17 participants did not record any DtP audio. For these participants, we manually extracted their voice segments from a single conversation. We will refer to the audio from the DtP task (or the single conversation for those participants without DtP audio) as the Speaker ID audio.

Speaker diarization and feature extraction

Our speaker diarization pipeline consisted of 6 steps (Fig. 1C–I):

  1. 1.

    We used the open-source speaker diarization package pyannote17 version 218 to automatically segment each conversation into hypothesised utterances from individual speakers (Fig. 1C). The default parameter settings were used. Given that the audio recordings were obtained in a real-world environment with potentially multiple background talkers, we did not constrain the diarization algorithm to a fixed number of speakers; instead, we allowed the algorithm to automatically estimate that number.

  2. 2.

    We manually extracted segments of the participant’s speech from the DtP audio recordings (Fig. 1D), or from a single conversation when no DtP audio was available (which was the case for 17 participants).

  3. 3.

    We calculated a speaker embedding for the Speaker ID audio (Fig. 1F) using the pretrained model on the hugging face platform21. This embedding is a fixed length 192 dimensional vector that represents any variable length speech utterance. We will refer to this embedding as the Speaker ID embedding. The model is based on the canonical x-vector time delay neural network (TDNN)-based architecture14, but with filter banks replaced with trainable SincNet features22.

  4. 4.

    By having an unconstrained number of speakers automatically detected, it’s possible that the participant’s speech could be mislabeled as 2 (or more) different speakers. To remedy this, we concatenated the audio for each hypothesised speaker together, and calculated their speaker embedding, to obtain a single embedding for each hypothesised speaker (Fig. 1E).

  5. 5.

    We compared the embeddings of the hypothesised speakers with the Speaker ID embedding (from step 3) using the cosine distance. The embeddings with a distance less than a particular threshold were assigned to be the participant (Fig. 1G,H). A threshold value of 0.75 was selected as the lowest threshold which also ensured that every participant had at least 1 conversation that was diarizable (see Supplementary Table 2). Participants can have conversations that are undiarizable if the distance between the embedding of their speaker ID audio and the embeddings of the utterances during the conversation never go below the threshold.

  6. 6.

    Finally, we measured the duration of each utterance belonging to the participant, and calculated their basic statistics: mean, min, max, etc. See Supplementary Table 3 for a full list.

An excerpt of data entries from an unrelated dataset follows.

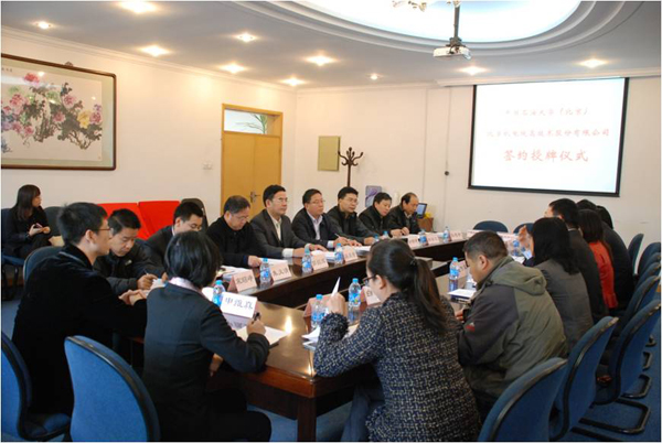 11月14日上午,中國石油大學與北京機電院高技術(shù)股份有限公司舉行了科學研究與人才培養(yǎng)合作框架協(xié)議簽約授牌儀式。中國石油大學黨委書記蔣慶哲、副校長徐春明,北京機電院高技術(shù)股份有限公司總經(jīng)理趙傳軍出席簽約授牌儀式,石大相關(guān)職能部門負責人、理學院教師代表參加了儀式。蔣慶哲、趙傳軍分別代表校企雙方在協(xié)議書上簽字,并共同為兩家合作建設(shè)的“京城固廢與水資源化技術(shù)研究中心”、“研究生工作站”揭牌。
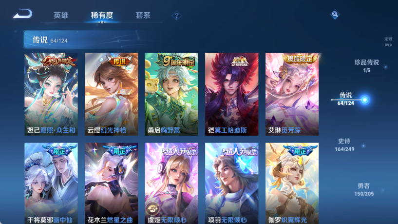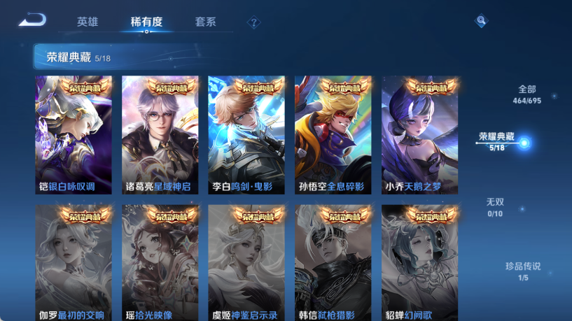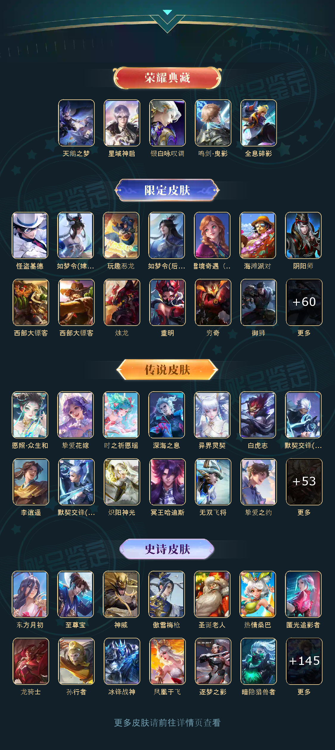 贵族等级V10,英雄数量122,典藏皮肤数5,皮肤数量464,冰锋战神/街头霸王/天鹅之梦/至尊宝/圣诞老人/凤求凰/热情桑巴/逐梦之影/武陵仙君/黄金狮子座/全息碎影/大圣娶亲/冰霜恋舞曲/青龙志/白虎志/朱雀志/太华/久胜战神/飞衡/梁祝/白鹤梁神女/匿光追影者/鸣剑·曳影/星域神启/李逍遥/奔雷神使/孙行者/玉兔公主/异界灵契/神威/傲雪梅枪/淬星耀世/时雨天司
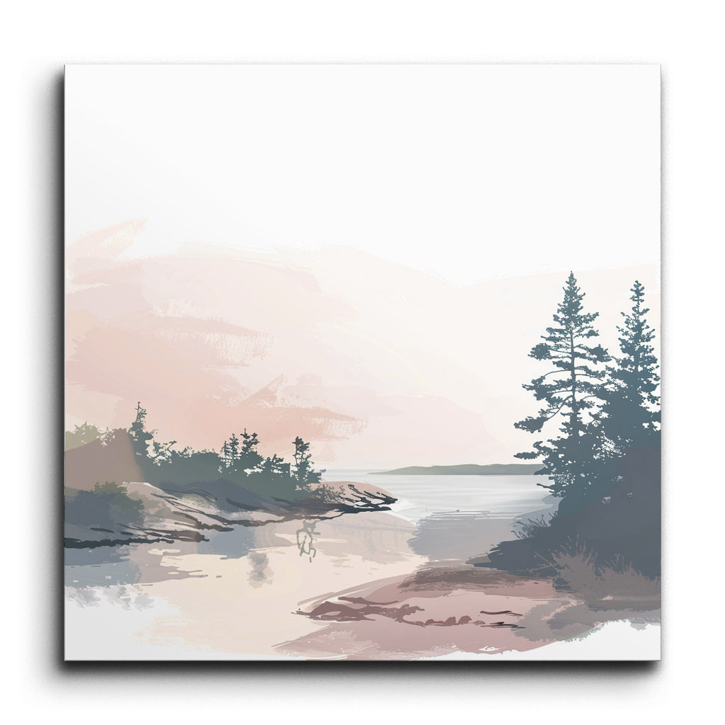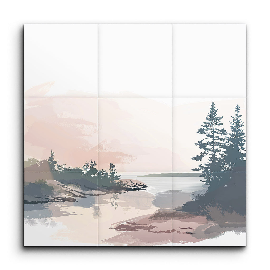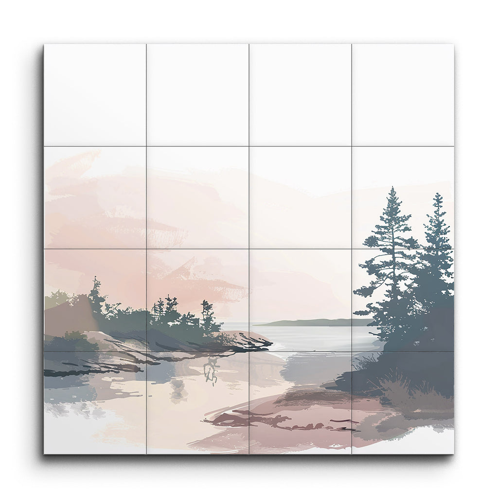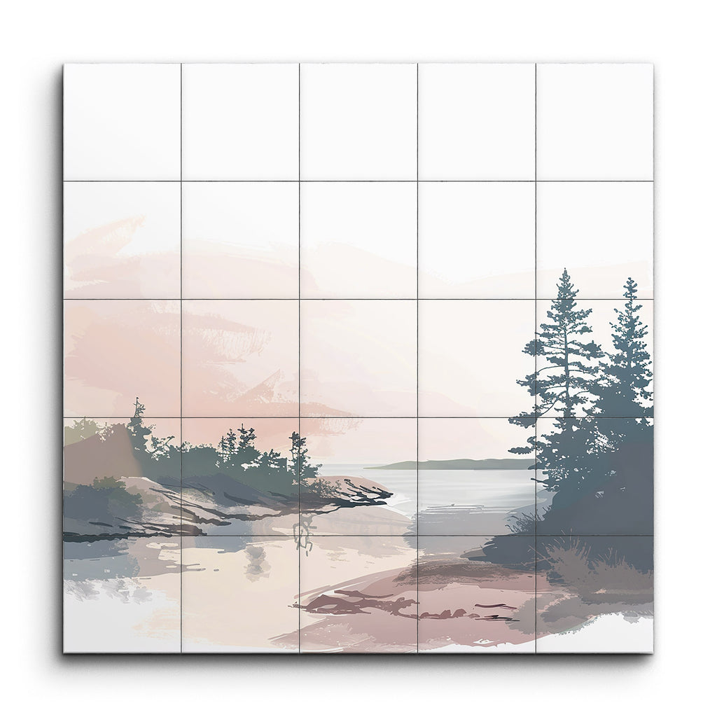 Transform your space with this serene tile mural, capturing the tranquility of a minimalist natural landscape. Soft pastel hues of light pinks, muted greens, and gentle blues portray a calm body of water surrounded by rocky terrain and evergreen trees. The balanced composition features sharply defined tree silhouettes reflected in the still water, while rocky outcrops and smaller trees lead the eye to a misty horizon. This artwork exudes peace and simplicity, offering a soothing ambiance to your home.
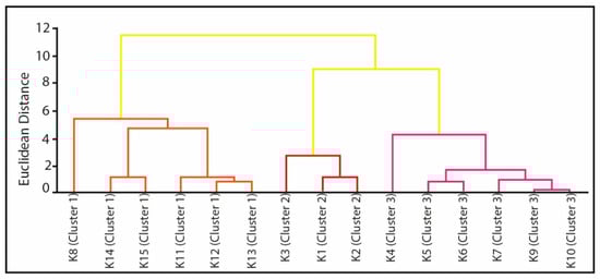 The results of the hierarchical cluster analysis (HCA) reveal three distinct clusters of sediment samples based on their metal concentration patterns. Cluster 1 (K8, K11–K15) contained moderate levels of Cr and Zn, lower Cu content, and relatively higher Th–U ratios. Cluster 2 (K1–K3) exhibited higher levels of V and Co, while other metals were relatively lower. Cluster 3 (K4–K7, K9–K10) showed the highest levels of Cu and Zn, along with moderate to high levels of Ni and Cr. This cluster likely represented regions with significant pollution and corresponded to most contaminated areas, especially in terms of Cu and Zn. Cluster 2 was closer to the natural background levels, despite elevated V and Co concentrations. Cluster 1 showed moderate levels of Cr and some radioactive elements (Th–U) (Table 3, Figure 4). Upper Continental Crust (UCC) [61] values were used as a reference for comparison (Table 3). The observed clustering could have been caused by a combination of anthropogenic and environmental variables. The highest concentrations of Cu, Zn, Ni, and Cr were found in Cluster 3, which was probably associated with regions more impacted by urban or industrial activities. These sites were located near residential areas, road networks, or untreated wastewater discharge points. Cluster 2 samples, on the other hand, which had higher V and Co levels, but generally lower metal levels, might have come from upstream regions that were comparatively little affected, perhaps representing natural geogenic sources with little anthropogenic interference. Cluster 1, with moderate Cr and elevated Th–U levels, might have been associated with regions influenced by lithological characteristics, such as the presence of naturally enriched source rocks or variations in grain size that enhanced the adsorption and accumulation of certain elements. Finer-grained sediments tend to retain higher concentrations of trace metals due to their larger surface area, which is often associated with a higher organic matter content.
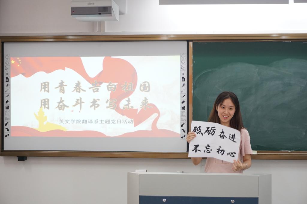 其后,翻译系员工党支部书记对本次活动进行总结,她讲到表达爱国的方式有很多种,无论是投身实践学习还是志愿参与活动,我们都应当拥护中国共产党的领导,爱国爱党。青年党员应心怀梦想,勇于追求,勤奋工作,通过点滴积累向着理想不断前进,这就是我们表达爱国主义情感的最切实的行动。大家纷纷表示,将不辱使命,勇于担当,用实际行动为新中国成立70周年献礼,用青春和汗水为中华民族伟大复兴做出自己的贡献!
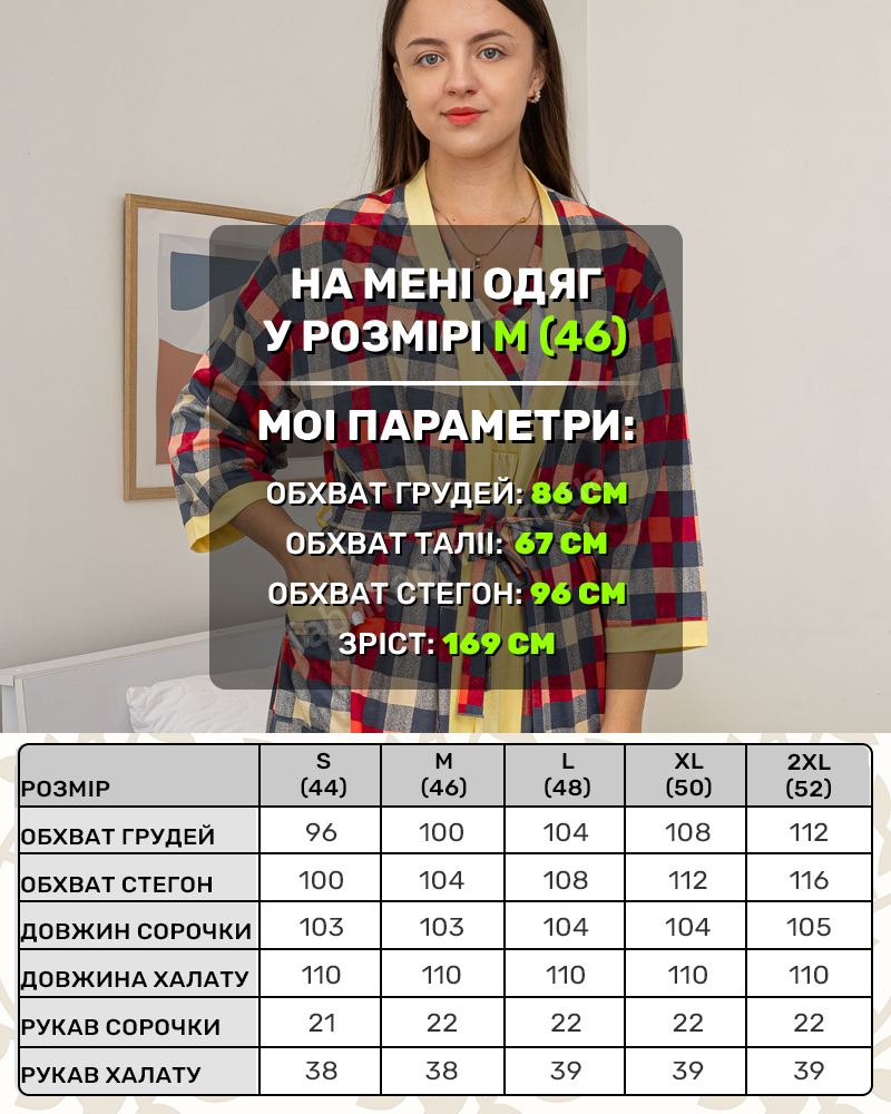 Мы замеряли ночнушку и халат вручную, поэтому обратите внимание на размерную сетку ниже⬇ или на таблицу на последнем фото

Diarization performance measurement

To test the performance of our diarization pipeline, we hand-labelled 51 conversations from 35 participants. Hand labelling consisted of listening to the conversations and labelling those segments in which either the study partner or participant was talking, or in which other environmental sounds/background talkers were occurring. We measured our ability to identify the participants speech using precision, recall, and the F1-score, which provide a percentage accuracy at identifying a target using a combination of true positives (TP), false positives (FP), and false negatives (FN):

$${\text{Precision }} = {\text{ TP}}/\left( {{\text{TP}} + {\text{FP}}} \right),$$
$${\text{Recall }} = {\text{TP}}/\left( {{\text{TP}} + {\text{FN}}} \right),$$
$${\text{F1 }} = {\text{ TP}}/\left( {{\text{TP }} + \, 0.{5}\left[ {{\text{FP }} + {\text{ FN}}} \right]} \right).$$

Intuitively, each of these measures can be interpreted as the following:

  • Precision is a measure of how accurate the model is at correctly predicting the presence of participant speech, regardless of failed detections. For example, even if the model only predicts one instance of participant speech, and misses every other instance, as long as that single instance is correct, the ‘precision’ will be 100%.

  • Recall is the opposite. It’s a measure of how accurate the model is at consistently predicting the presence of participant speech, regardless of false-positives. For example, the model could just predict that every speech utterance belongs to the participant, and this would result in a ‘recall’ score of 100%.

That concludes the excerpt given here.